Wolfram goes on to propose building a fundamental theory of physics on a radically new foundation that obliterates current notions of space, time, and matter. The proposal is that the universe is a big network of nodes, and evolution consists of graph rewriting. All that is essential about the universe is the interconnection pattern between the nodes; familiar things like space and matter emerge to those inside the network as a large-scale effect on top of local randomness.

The final third of the book is a buildup to the Principle of Computational Equivalence. It states that "almost all processes that are not obviously simple can be view as computations of equivalent sophistication." It asserts that there is an ultimate level of computational sophistication that is reached far more easily and frequently than is typically assumed. Among the major implications is an explanation for why things often appear complex: There is a competition between the observer and observed, and in many cases the two are equal in computational sophistication. In this case the observer cannot extract a brief description of the process, and it appears complex.

Wolfram steps through a surprising number of implications, many at the foundations of fields.
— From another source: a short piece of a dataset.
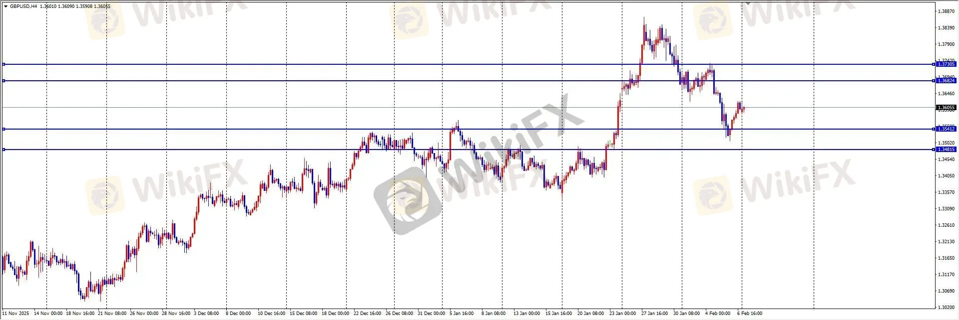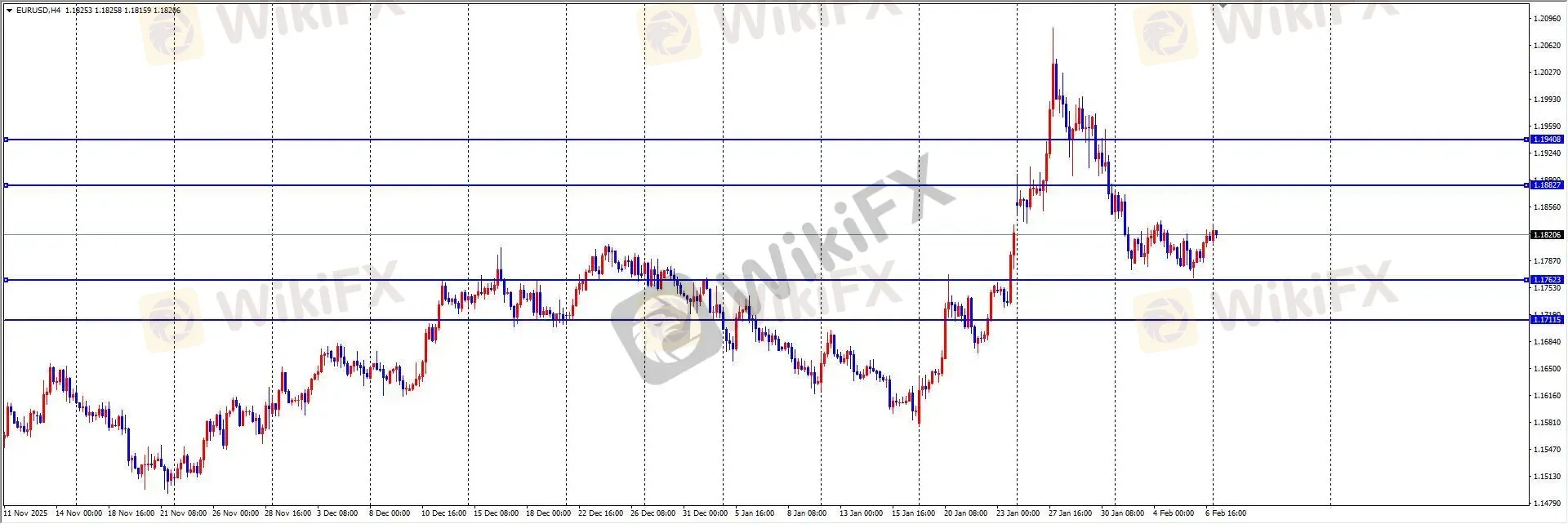 上周五欧元兑美元整体维持震荡,最高触及1.1826后整理,全日波幅约60点,日线收出上下影阳线。ETO Markets指出,德国12月工业产出数据不及预期,而美国消费者信心与通胀预期有所改善,基本面对欧元支撑有限。后市需关注欧洲政策动向对市场的影响。

At times he seems to admit that the statement of the principle is somewhat vague, and essentially says that to understand and believe it requires a new intuition built by the study of simple programs.

Criticism

The book has attracted several types of criticism.

The first is plagiarism: it has been claimed that Wolfram did not really present any new ideas, but essentially just elaborated on Konrad Zuse's old book on computable universes and cellular automata (Calculating Space, 1969, translated by MIT in 1970), without giving proper credit to Zuse, and actually misrepresenting Zuse's contributions in a self-aggrandizing way. Similarly, Wolfram's section on Turing machine-computable physics was criticised as a rehash of a paper by Juergen Schmidhuber, published in 1997. In particular, his graph rewriting systems can be viewed as being subsumed by Schmidhuber's simple program

that computes all computable universe histories. Wolfram also was accused of largely ignoring and improperly referencing the prior work of Edward Fredkin on reversible digital physics (Fredkin published several papers on this topic after Zuse visited his lab at MIT, and published a widely known and freely downloadable book draft in 2001). Wolfram was also criticised for downplaying the role of Matthew Cook, who apparently proved what was called the book's most interesting though not earth-shaking result (about a particular cellular automaton).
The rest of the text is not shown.